Despite the ongoing interest in expanding the use and sharing of health data mapping, the safe harbor rule stands as the primary guidance for those interested in sharing maps. It is far from perfect in that for many scholars, it is ambiguous and either too stringent or insufficient in terms of securing data or reducing data loss. Alternative methods exist, which have the potential to do a better job; however, they have their own drawbacks. HIPAA safe harbor provisions do not set out to guarantee data protection similar to the newer modes of data protection; instead, they only ensure a low risk of identification with the ultimate goal being “to balance the needs of the individual with the needs of the society” [18]. The challenge is to find the “sweet spot” between protected data and useful data while also understanding that this sweet spot changes for each data set depending on what and how much information is available to the public. Furthermore, with rapidly evolving technologies, this sweet spot will continue to change over time. The amount of individual-level data collected by companies today is large and continuously growing. In fact, society may have already reached the point where the myth of the perfect population register is no longer a myth in the face of big data [47].

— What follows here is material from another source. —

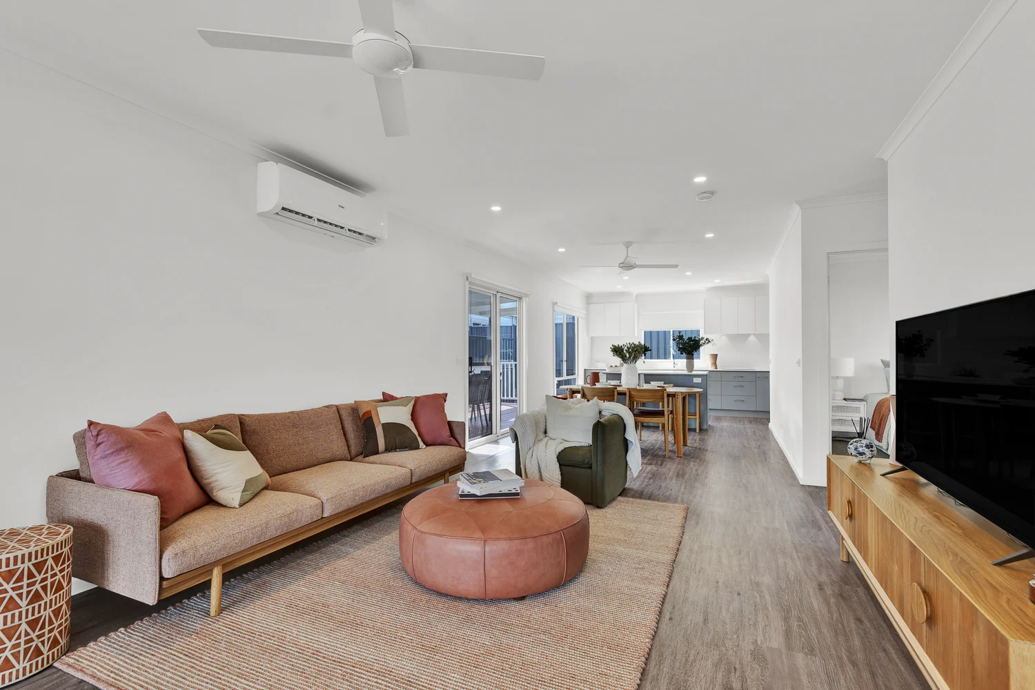 Description: A gorgeous two-bedroom home for you to downsize with style. This home welcomes you with an airy and ambient feel and has a perfect flow from the living room and dining area through to a glorious kitchen. It is a baker's dream with the well-appointed kitchen, quality appliances and offset butler's zone, including cupboards and bench space for clever storage options. The master bedroom is perfectly sized and has a fitted-out walk-in wardrobe. The home has an extensive undercover decking area which is perfect for indoor/outdoor living. Ceiling fans give this neat and desirable home a coastal vibe.

Although safe harbor continues to stand as the primary source of guidance for handling spatial health data, researchers continue to work with and against it in ways that reflect their understanding of the law and their data against a larger sociotechnical backdrop. As demonstrated by Malin et al [28], there are ways of safely sharing more detailed data (ie, age information) by coarsening the granularity of other data. From this example, we can assume that there are also ways of sharing fine-grained geographic data by censoring other elements in the data. Given that some pieces of information contribute more heavily to individual identification than others (ie, DoB being more identifying than gender), we are left to ask questions that, if answered, could help inform future approaches. Could a 5-digit zip code become innocuous without age information? How many individuals can be uniquely identified by age and 5-digit zip code alone? What if all age and gender information were removed? Would a 5-digit zip code still have the power to identify an individual? In other words, is it reckless to share maps at the 5-digit zip code level if all other patient information is removed (ie, only the sharing of the 5-digit zip code and diagnosis)? What if these zip codes were aggregated to form units that each contained 20,000 people within them? What would be the risk for identification? Of course, it is easier to ask these questions than answer them; however, by examining the history of HIPAA and clarifying the importance of 3-digit zip codes versus 5-digit zip codes, we have a stronger foundation for answering these questions. Until then, the safe harbor method stands as our primary mode of guidance, and 2 decades after its introduction, these guidelines do not meet the public’s need for data security or researchers’ need for useful data.

Conclusions

Vague privacy provisions stand as an obstacle to progress and pose a threat to public privacy by hindering the ways in which epidemiologists and geographers understand how to share spatial data. This paper promotes an understanding of the HIPAA safe harbor provision by providing a comprehensive overview of the law while also presenting various expert perspectives and relevant studies that, taken together, show how alternative methods to safe harbor can offer researchers better data and better data protection. Two different interpretations of the safe harbor rule exist—the 3-digit and 5-digit zip code interpretation—and although 5-digit zip codes are not the intended level of aggregation under the rule, there is reason to believe that information can be safely shared on a map at this level. More research is needed to determine whether the risk for individual identification is sufficiently low for maps shared at the 5-digit zip code level when DoB and gender are suppressed from the map’s corresponding table. Much has changed in the 20 years since the introduction of the safe harbor provision; however, it continues to be the primary source of guidance (and frustration) for researchers trying to share maps, leaving many waiting for these rules to be revised in accordance with the times.